In other words, the Second Circuit revealed this case to be another example of courts becoming bogged down in the formulaic elements of securities fraud claims and in the process losing track of the logic underlying those elements.  The point of the “loss causation” element is to identify the loss plaintiff has suffered specifically because of the fraud committed by the defendant – the amount which, if recovered, would make the plaintiff whole.  With that logic in mind, a subsequent, post-disclosure recovery of the stock price – presuming, as the court must at the pleading stage, that the recovery is for unrelated reasons – does not negate loss causation.  If the defendant had not inflated the initial purchase price, the plaintiff would have paid less for the stock at the outset, and then still would have captured the benefit of the subsequent, unrelated rise.
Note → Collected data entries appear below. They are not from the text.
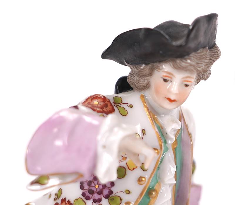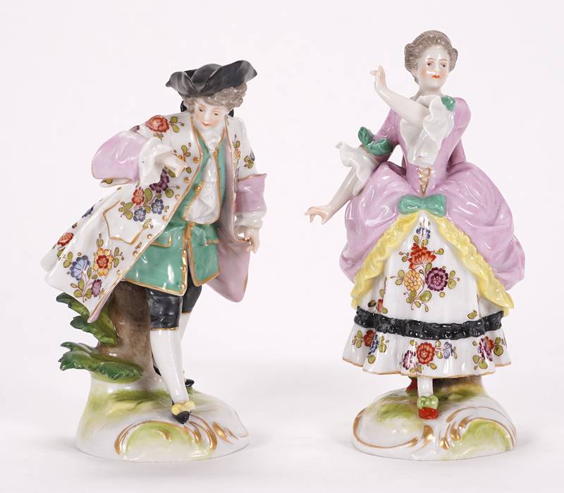 Ludwigsburg 19. Jh. Porzellan polychrom staffiert. Rokoko Kavalier und die passende Dame auf naturalistisch gestaltetem Sockel. Unter dem Boden jeweils unterglasurblaue Manufakturmarke. Höhe je ca. 12 cm. Guter, altersbedingter Zustand, teils Finger gebrochen.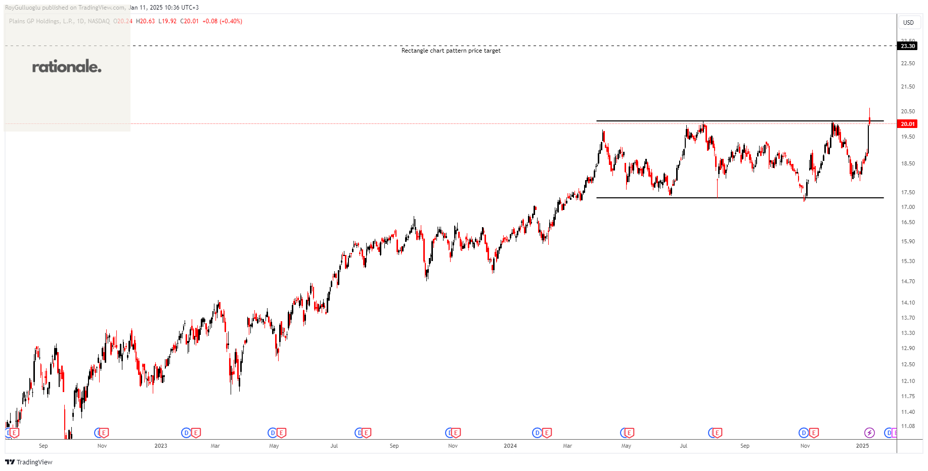 A daily close above 20.7 levels would validate the breakout from the 6-month-long rectangle chart pattern.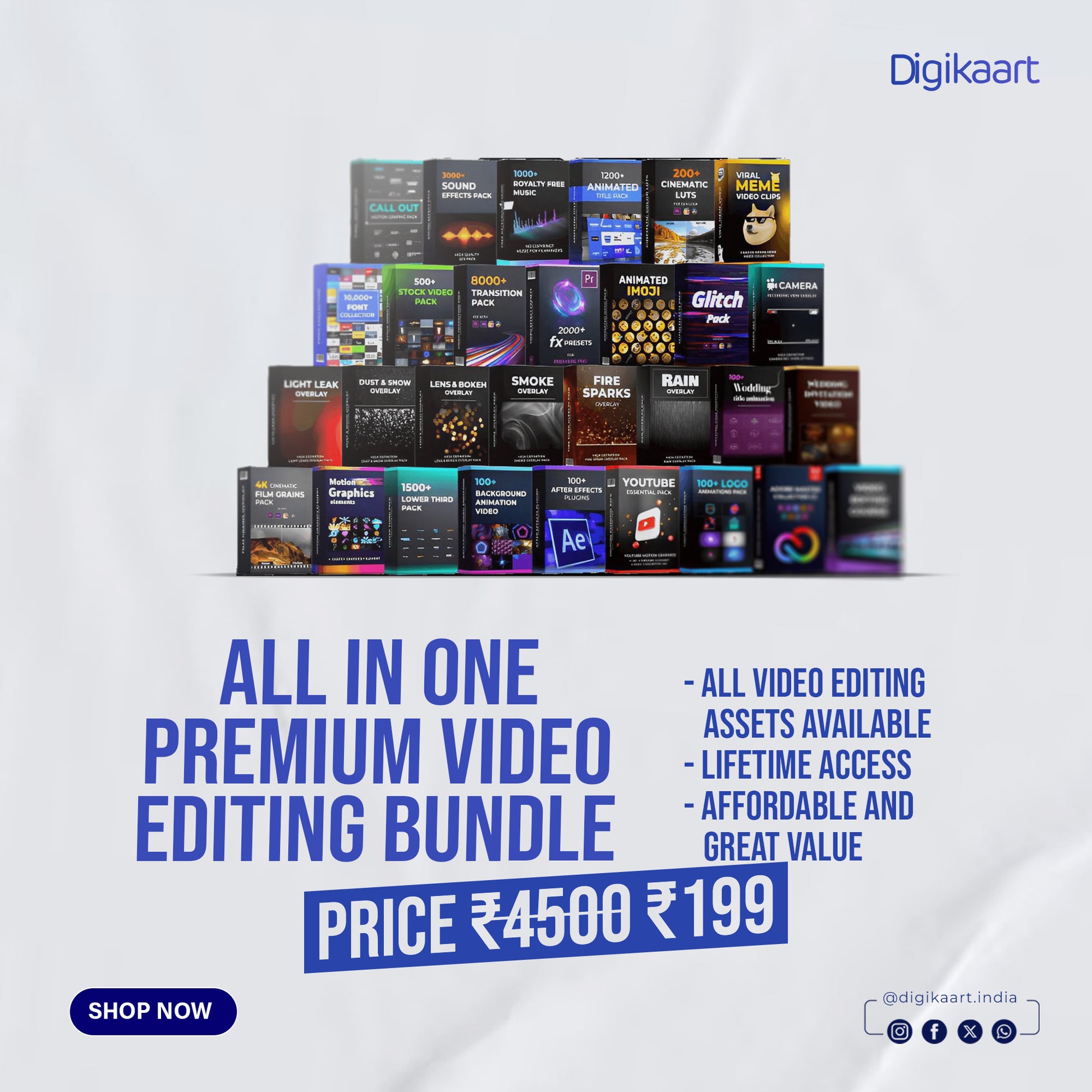 Take your video editing to the next level with the Mega Video Editing Bundle—a complete collection of premium tools, effects, and assets designed for creators of all levels. Whether you're a Filmmaker, YouTuber, Freelancer, Streamer, Video Editor, Course Creator, Vlogger, Trainer, or Wedding Videographer, this bundle is your key to stunning, professional-quality videos.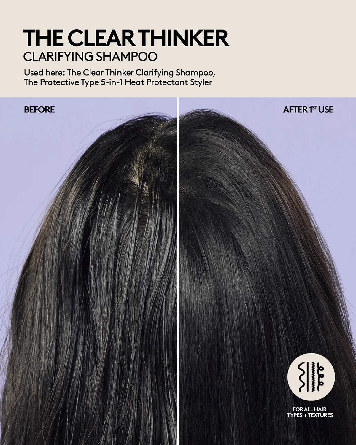 The Clear Thinker Clarifying Shampoo is ideal for all hair types and textures that experience excess product buildup, oily or dull, lifeless strands.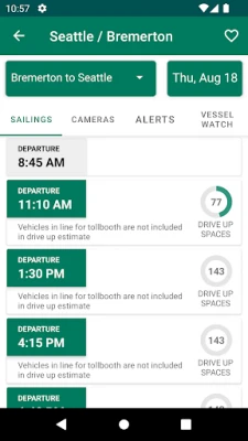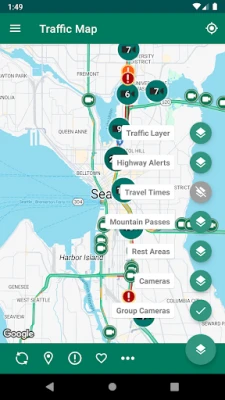 The WSDOT mobile app contains Seattle traffic and travel info for the state of Washington. Includes statewide traffic cameras, travel alerts, mountain pass reports, ferry schedules, bulletins, Vessel Watch, and northbound Canadian border wait times.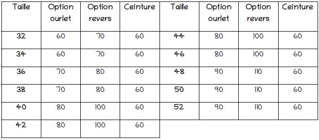 🍊 Du 32 au 52 (90 à 130 environ de tour de hanches)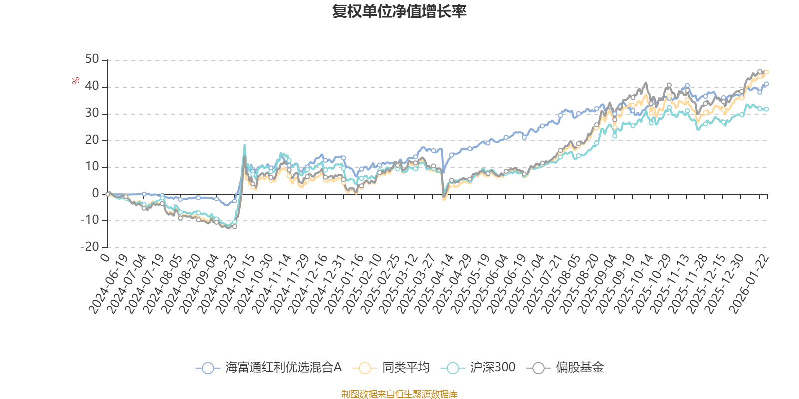 截至1月22日,海富通红利优选混合A近三个月复权单位净值增长率为4.34%,位于同类可比基金508/689;近半年复权单位净值增长率为7.79%,位于同类可比基金586/689;近一年复权单位净值增长率为29.37%,位于同类可比基金447/673。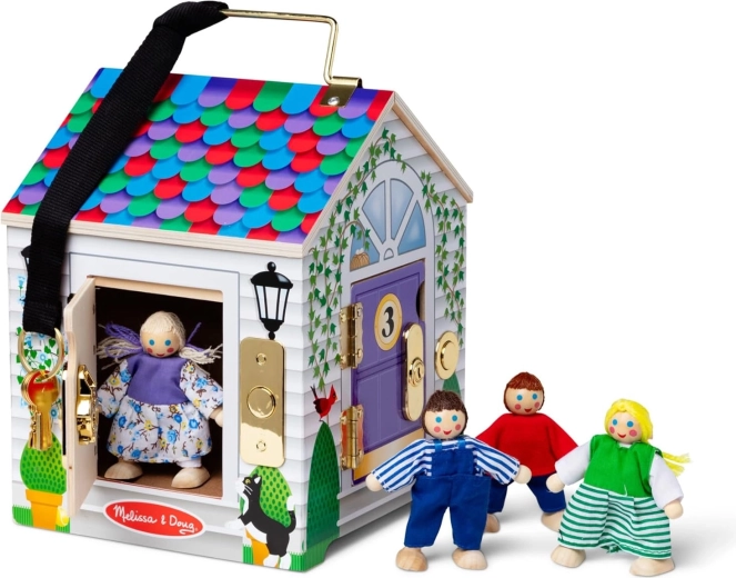 La solida lavorazione in legno di MELISSA & DOUG resiste al gioco quotidiano. Grazie alla pratica maniglia, la casetta è ideale anche per i viaggi.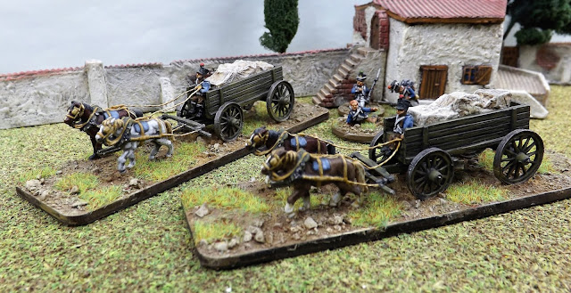 I couldn't resist working on a pack of these models whilst doing the limber teams and soon discovered the need to get my scratch building head on to organise horse teams and drivers for this pair of French supply wagons.

The Second Circuit’s ruling in Acticon eliminates a weapon from the defendants’ arsenal on a motion to dismiss, and as such works against defendants.  But a “long view” of Acticon may be more positive for defendants.  While in this case, the district court’s formulaic decision worked in defendants’ favor, in many cases it is plaintiffs that use the formulas and theories of securities fraud to stretch liability.  Keeping securities law grounded in first principles generally works in defendants’ favor.  For example, suppose that instead of recovering, NEP’s stock dropped more over the ensuing months following the initial 20% drop.  In that case, defendants would – rightly – argue that those drops were caused by unrelated market forces and are unrecoverable in the securities fraud action.  The Second Circuit itself hinted at this scenario with the words “(or suffer losses)” in the quote above.  Other examples are arguable over-extension of the “fraud-on-the-market” doctrine and accessory liability.